As for the links themselves: case insensitive matching, whitespace stripped to one character, full matching. Title editable in a separate window from the page, so that pages can be recased or even renamed (currently a copy/paste pain) with optionally auto-update of backlinks. Colon-based Namespace scoping optional for convenient inter-wiki connections (rather than the big graphic "this is located on X" - it's practically a title page). Convert spaces into underscores and underscores into double-underscores just for the URL to make it easier to write outside of wiki.
But I'm just a complainer. -- MartinZarate
Isn't the idea behind WikiWords just a way to auto-generate web links in pages created with a plain-text editor, sort of like the auto-HTML for other text formatting syntax?

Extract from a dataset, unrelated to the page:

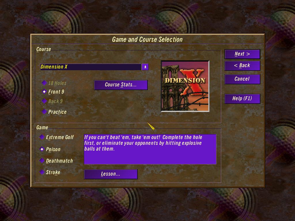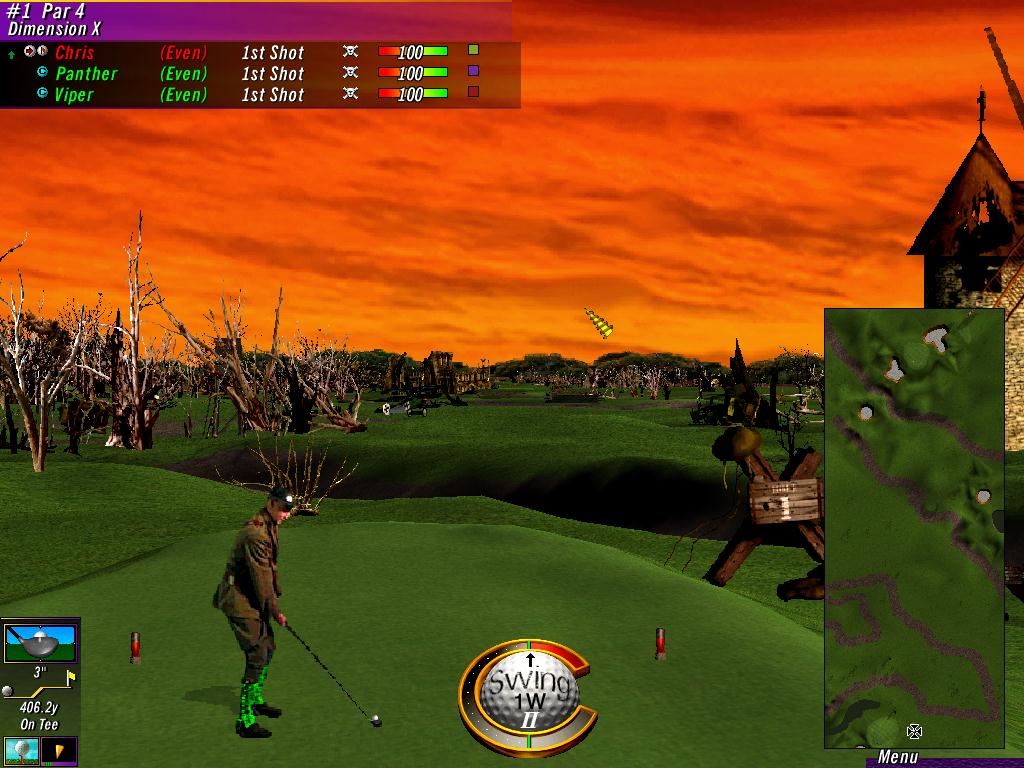 Links Extreme features game modes and courses that are unusual to the sport of golf. Among the four unique game modes is Armadillo Al’s Demolition Driving Range, in which the player uses exploding golf balls to hit targets such as armadillos, cows, and hot air balloons. The Extreme Golf mode features 17 pranks which affect a player’s golf ball in different ways that can be harmful or beneficial to the player. In the Deathmatch and Poison game modes, the player is given a variety of exploding golf balls that are used to injure and ultimately kill the opponent golfer.The Poison mode differs in that the player can choose between playing the course or attacking the opponent golfer. The game also includes stroke play.

Why not just have the Wiki server put html links for any word or word group that matches an existing page on that server? I can only assume that the original design created WikiWords because they can be converted to links without pattern matching against a changing database of known pages. In other words, WikiWord processing is the easy way out of doing it the Right Way.
One advantage of doing away with WikiWords is that one page could include keywords so that more than one word/phrase could point to the same page.